"This project proposes to study public space of the ancient Near Eastern cities as a material correlate of civic communities. Civic communities acted as a significant political factor throughout the history of the ancient Near East, both as institutions (e.g. assemblies) and as informal groups (the “town's crowd”). These forms of social aggregation were influential and often antagonistic alternatives to the monarchical and religious central powers. However, while the Temple and the Palace as architectonic materializations of dominant powers engaged entire generations of archaeologists, the traces left by civic communities in the urban texture of the ancient cities have received far less attention.
This project approaches the study of past communal political life by analyzing the planning and use of central streets and squares at Hattusha, the capital of the Hittite Empire. The study is based on a granted access to unpublished topographical data and integrates three lines of methodological inquiry: topological analysis, urban design analysis, and ta ""contextual analysis"". Both heuristics and time focus originate from my previous studies on Syro-Hittite urbanism in the early Iron Age (1200-900 BCE). I came to understand that Late Bronze Age (14th-13th centuries BCE) urban politics are the key to city structure and political discourses for centuries to come.
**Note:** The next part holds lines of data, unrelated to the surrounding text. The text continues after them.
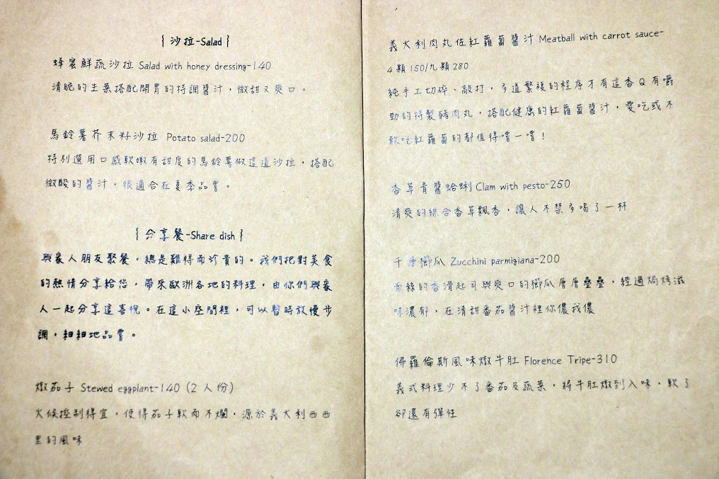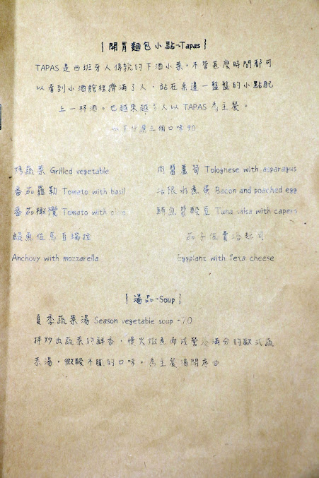 有開胃麵包小點TAPAS、湯品、沙拉、分享餐、義大利麵、燉飯等
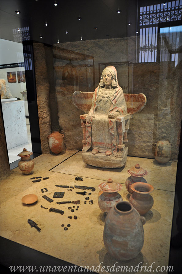 En la sala, entre otros elementos, podemos contemplar expuestos los tesoros de Jávea (Alicante), de La Puebla de los Infantes (Sevilla), de la Torre de Juan Abad (Ciudad Real) y de Perotito en Santisteban del Puerto (Jaén); varias maquetas de fortificaciones; armamento; la rueda del carro de Toya y una maqueta de esta impresionante tumba real; esculturas procedentes de necrópolis ibéricas; joyas y exvotos19 que formaban parte de los ajuares de las tumbas; y las dos esculturas mostradas en las fotografías adjuntas, correspondientes a la Dama de Baza y a la Dama de Galera.
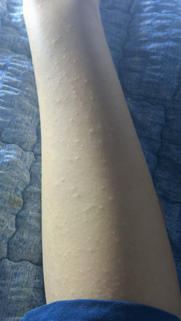 평소와 다를 거 없이 먹고 자는데 언제부턴가 오른팔에만 두드러기가 났어요ㅠ 가려움, 통증 전혀 없어요 단순히 소름 돋은 것도 아니고 뭘까요 한 삼일째 이 상탠데 안없어지나요..?
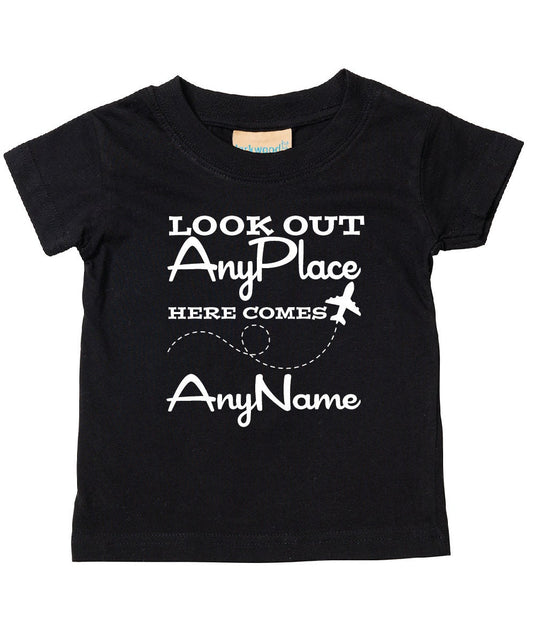 Personalised Babies/Toddlers/Kids Holiday T-Shirt | Look Out (Any Place) Here Comes (Any Name) | Child's Name Vacation Tee
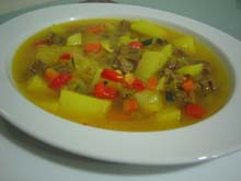今月の料理は、先月のシェリー酒入りコンソメスープで使った牛肉を再利用した一品を紹介します。今回使用した野菜でなくても、冷蔵庫にある残り野菜で結構です。サフランと良質のオリーブオイルの味と香りが豊かな絶品スープは、おかわりしてしまうこと間違いなしです。
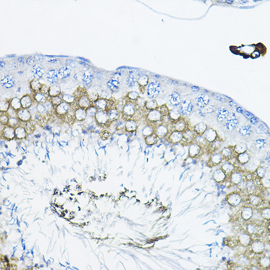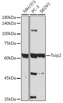 Western blot analysis of extracts of Rat testis, using Tulp2 antibody at 1:1000 dilution.
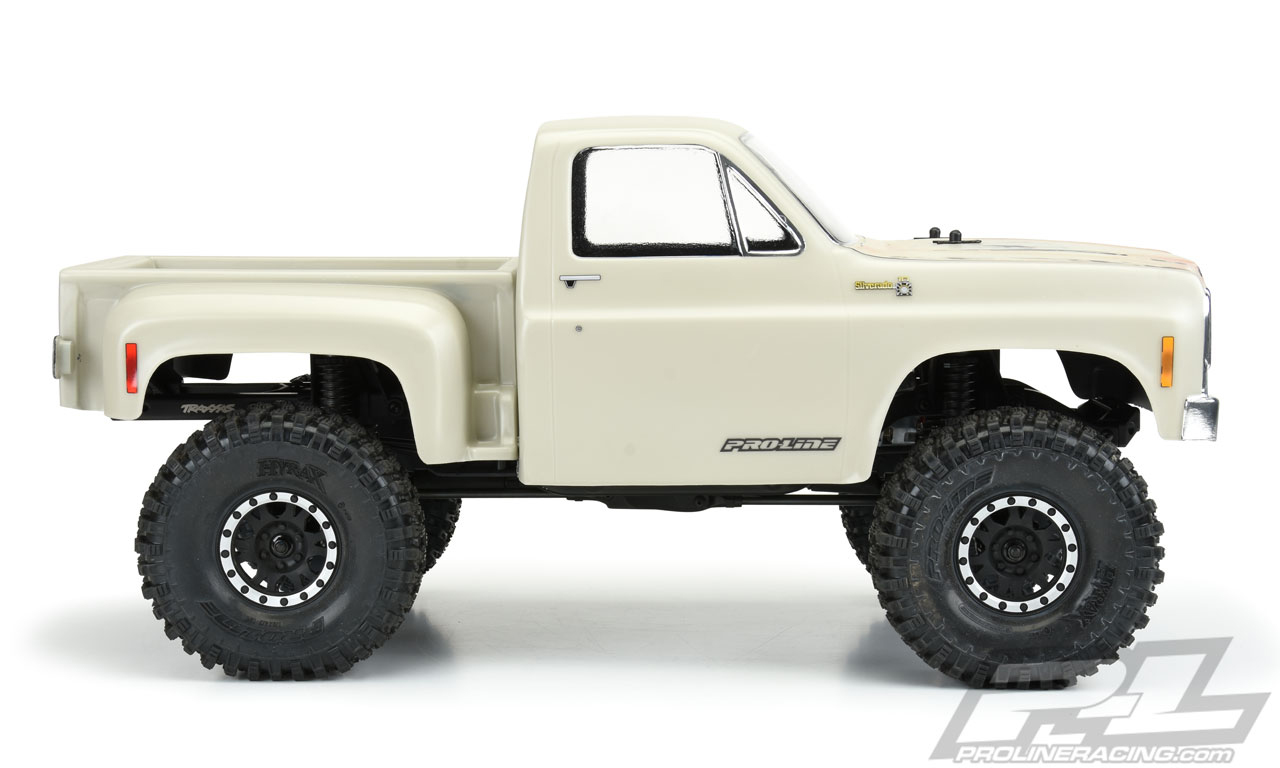 We also really like this body because it comes in two pieces; the cab section and the bed section. For the purposes of building up a scale crawler, we would just use the cab and scrap the bed section. Pro-Line carefully sculpted this body to faithfully recreate the lines and squared off look of the iconic ’78 K-10. Although the body comes clear, Pro-Line hooks you up with window mask and overspray film to making the painting step easier. And to complete its look, there is a detailed sticker sheet included with the body.
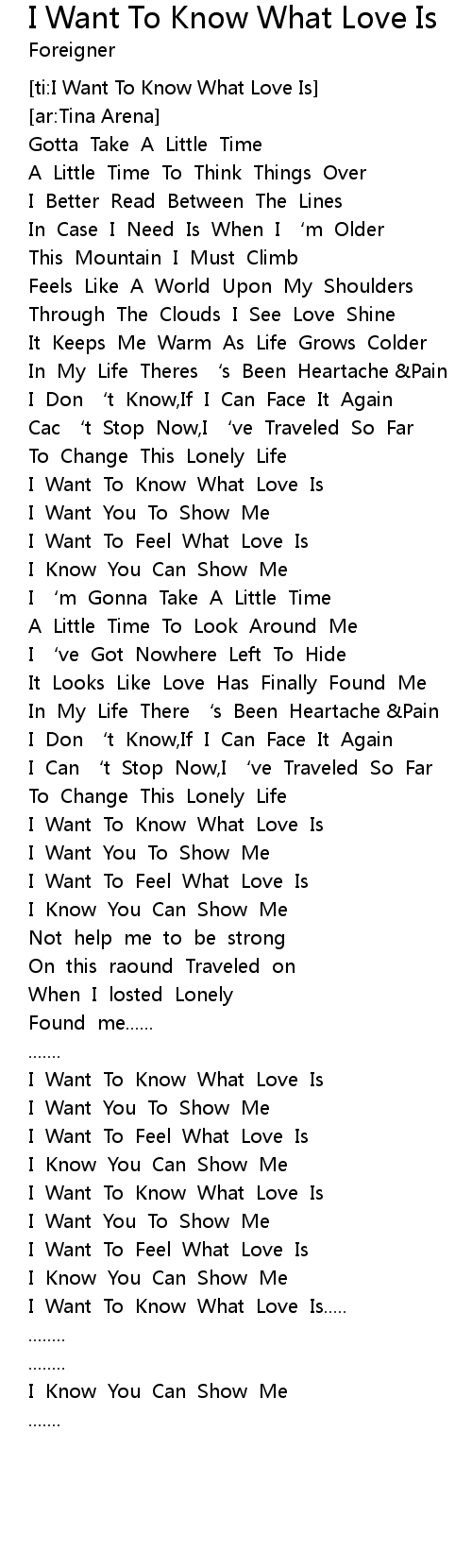 | [03:23.72] | I Want To Know What Love Is |
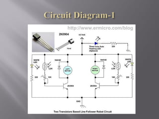 This document outlines a semester project to build a line-following robot. It will use discrete electronic components like light dependent resistors and transistors to sense a white line on a black surface and motors to maneuver along the line. The project will have modules for mechanical design, motor control, and light sensing. It provides details on the components, circuit design, team responsibilities, timeline and potential risks.
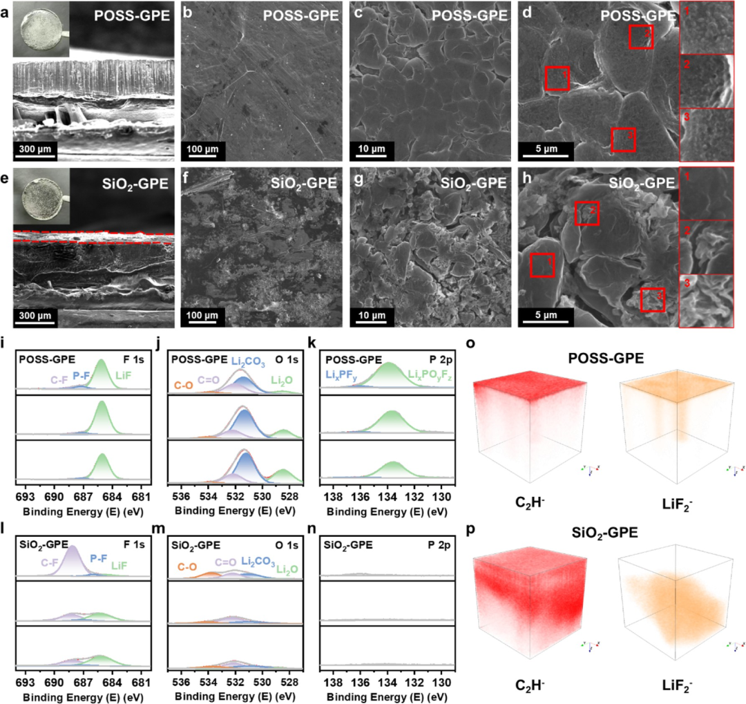 图2 循环后Li电极的SEI表征。采用(a-d) POSS-GPE和(e-h) SiO₂-GPE的Li∥Li对称电池在0.1 mA cm⁻²和0.1 mAh cm⁻²、25°C条件下循环50次后Li的SEM图像(公众号Gaussian)。采用(i-k) POSS-GPE和(l-n) SiO₂-GPE的Li∥Li对称电池在相同条件下循环50次后Li的(i, l) F1s、(j, m) O1s和(k, n) P2p XPS谱图。采用(o) POSS-GPE和(p) SiO₂-GPE的Li∥Li对称电池在相同条件下循环50次后Li上C₂H⁻和LiF₂⁻碎片的ToF-SIMS三维分布图。
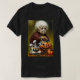 Une vieille dame fantomatique tient un citrouille, tandis qu'un squelette prend un bain dans une tasse de thé à côté d'un jack-o'lanterne sculpté. La scène de table avec des feuilles d'automne dispersée autour. Photoshop Art numérique CS6
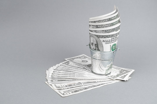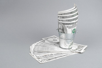 Money in the mini bucket, American banknotes, concept of investment, finance, taxes.
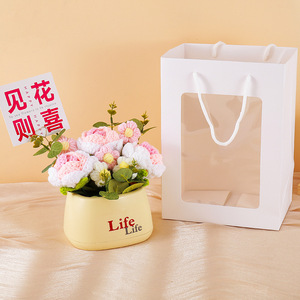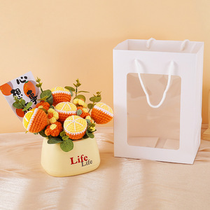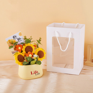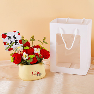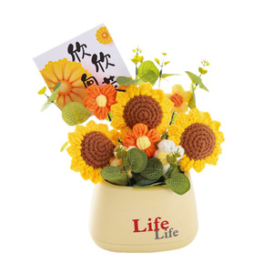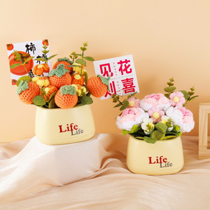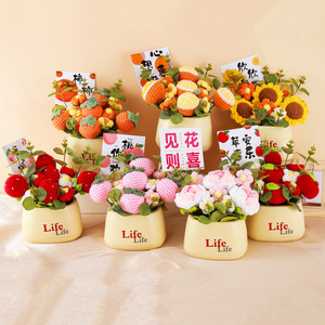完成した手織りのひまわりとイチゴの鉢植えの装飾品、模擬花、友人、母親、ガールフレンドへの誕生日プレゼントとして
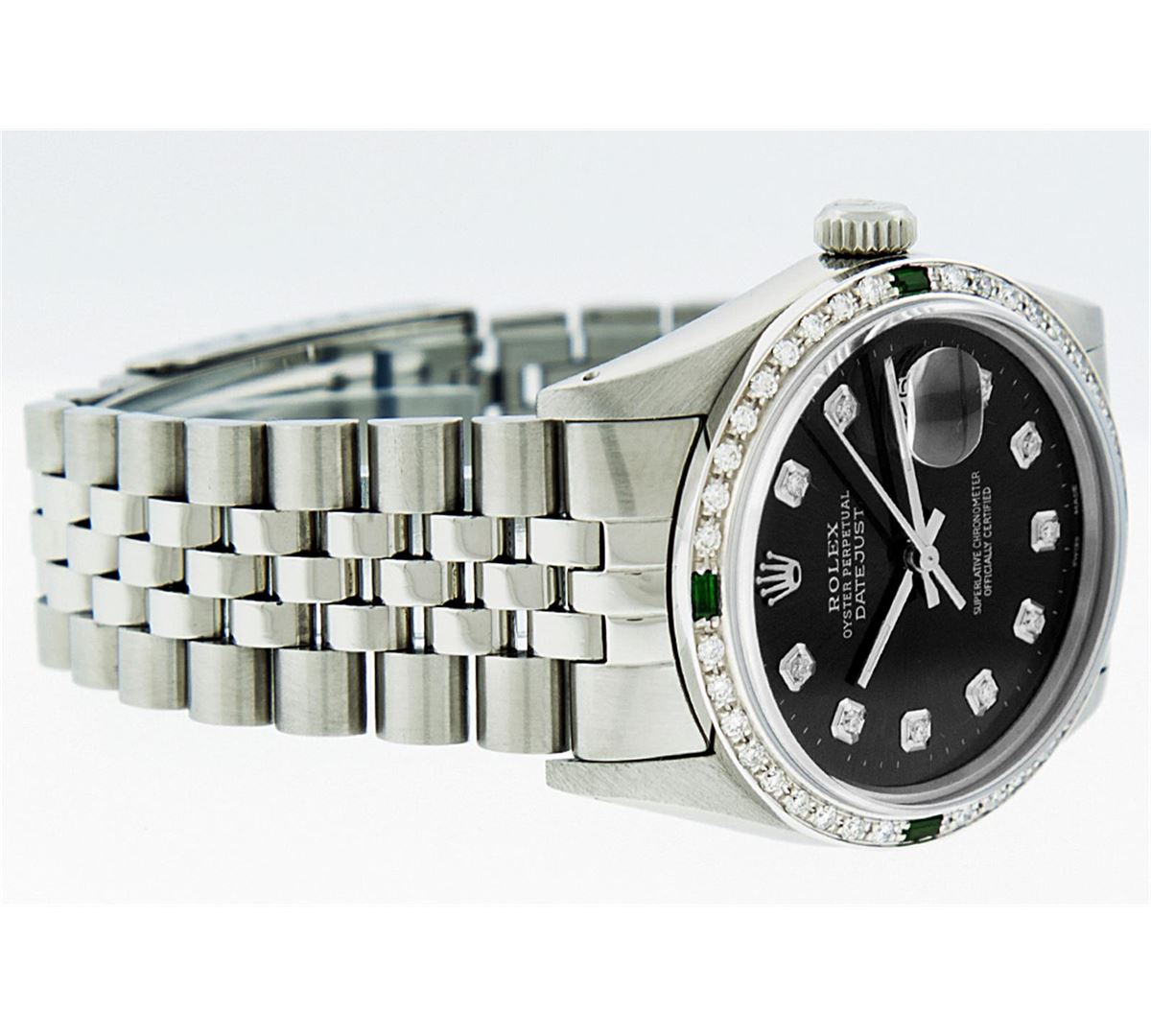 One Mens Rolex Datejust Polished Bright with Satin Finish, Serviced & Electronically Tested, Stainless Steel Case:36mm, Stainless Steel Crown, Custom Bezel: 18K White Gold Emerald Beadset Diamond Bezel, Diamond + Gem Count: 36 Diamonds + 4 Emeralds. Total Weight 1.00 Carat, Clarity: Si-VS, Color: G to H. Custom Crystal: Synthetic Sapphire Cyclops Lens. Movement: Automatic Winding Movement Caliber 3035. Custom Dial: Black Diamond Dial With Line Track, 10 Diamond in Dial G To H In Color, Si-VS Clarity. Date Window: 3 O'Clock Position Date Display, Quickset, Model: Datejust. Condition: G-6 Extra Fine. Bracelet: Stainless Steel Jubilee. Bright Polish & Satin Finish. 7.0 Inch Length, Adjustable. Standard Clasp, With Rolex Logo. Comes with a 6 month warranty card.

As case-study, Hattusha offers an optimal balance of historical relevance and data accessibility.
The research aims at opening vistas on the interaction between built environment, informal civic habits, and communal institutions. It places itself across archaeology, anthropology, and urban studies. As a result, I expect an output of relevance not only for archaeologists, but for all scholars interested in comparative urban politics, ancient and modern. I also designed this research in collaboration with Ca' Foscari University to lay ground for future European-based research projects sharpen my career profile."